• [STORED DATA]:
···
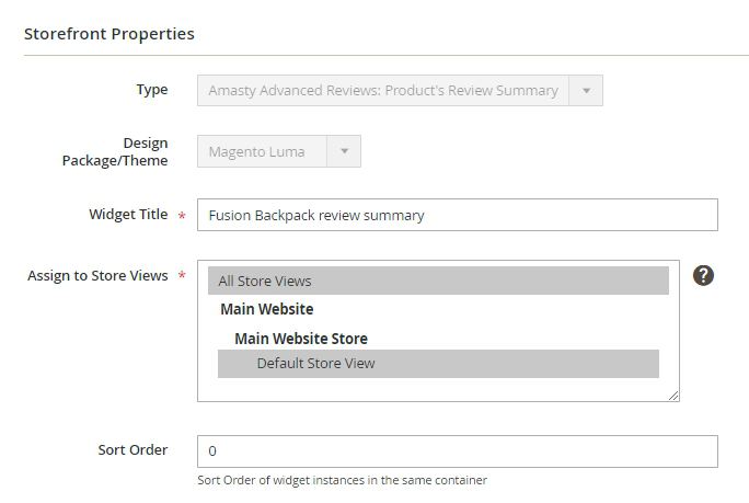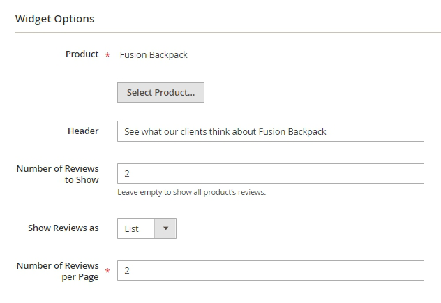 Header - enter the title of the Review Summary widget, which will be visible for customers on the frontend.
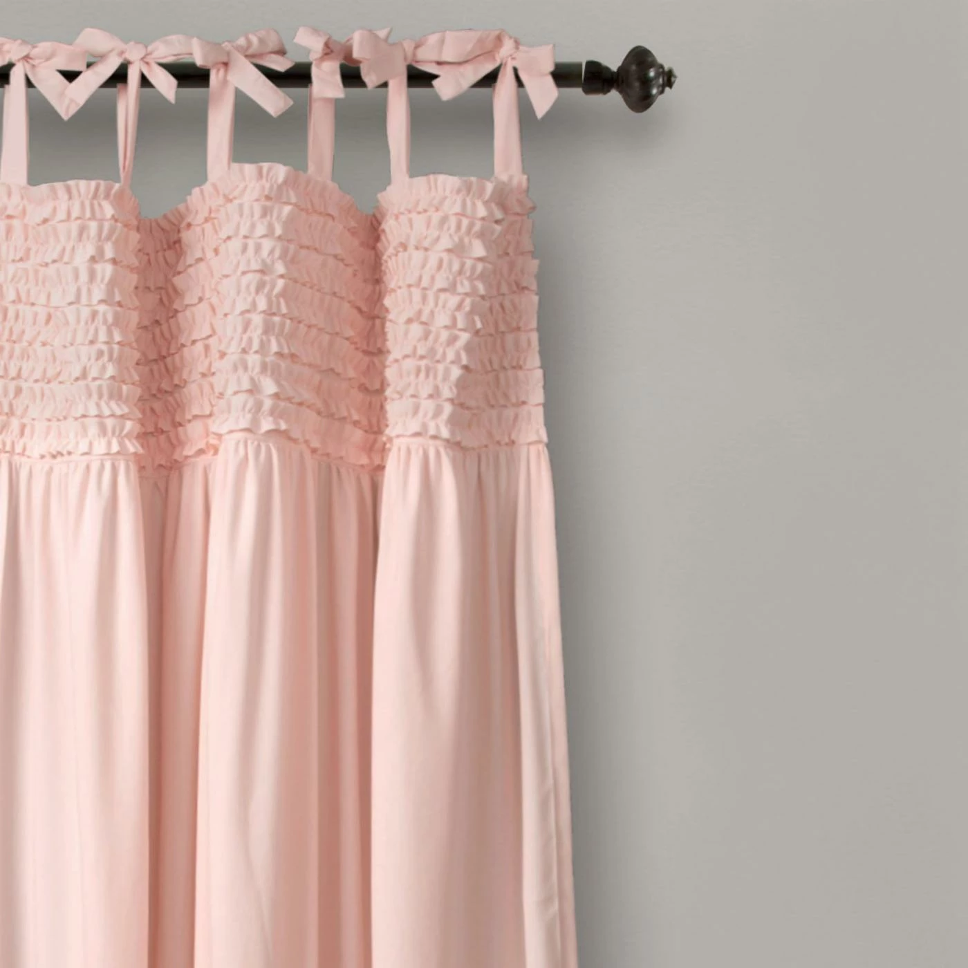 Add a sweet and delicate touch to your room with the Lush Decor Lydia Ruffle Curtain Panel Pair. The tie top makes it easy for anyone to put these panels up. With soft horizontal ruffles, these curtains bring an adorable touch to any living space.
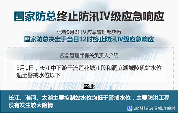 新華社北京9月2日電(記者劉夏村)記者2日從應急管理部獲悉,國家防總決定于當日12時終止防汛Ⅳ級應急響應。
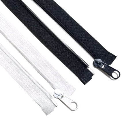- Resleting jaket gigi coil / halus / plastik yang sudah siap pakai untuk dijahit.
···
• [WHAT YOU NEED TO DO]: Repeat only the lines between the start of the data and the line with "Add a sweet", including those two lines, and skip the pictures.

• [ANSWER SECTION]:
 Header - enter the title of the Review Summary widget, which will be visible for customers on the frontend.
 Add a sweet and delicate touch to your room with the Lush Decor Lydia Ruffle Curtain Panel Pair. The tie top makes it easy for anyone to put these panels up. With soft horizontal ruffles, these curtains bring an adorable touch to any living space.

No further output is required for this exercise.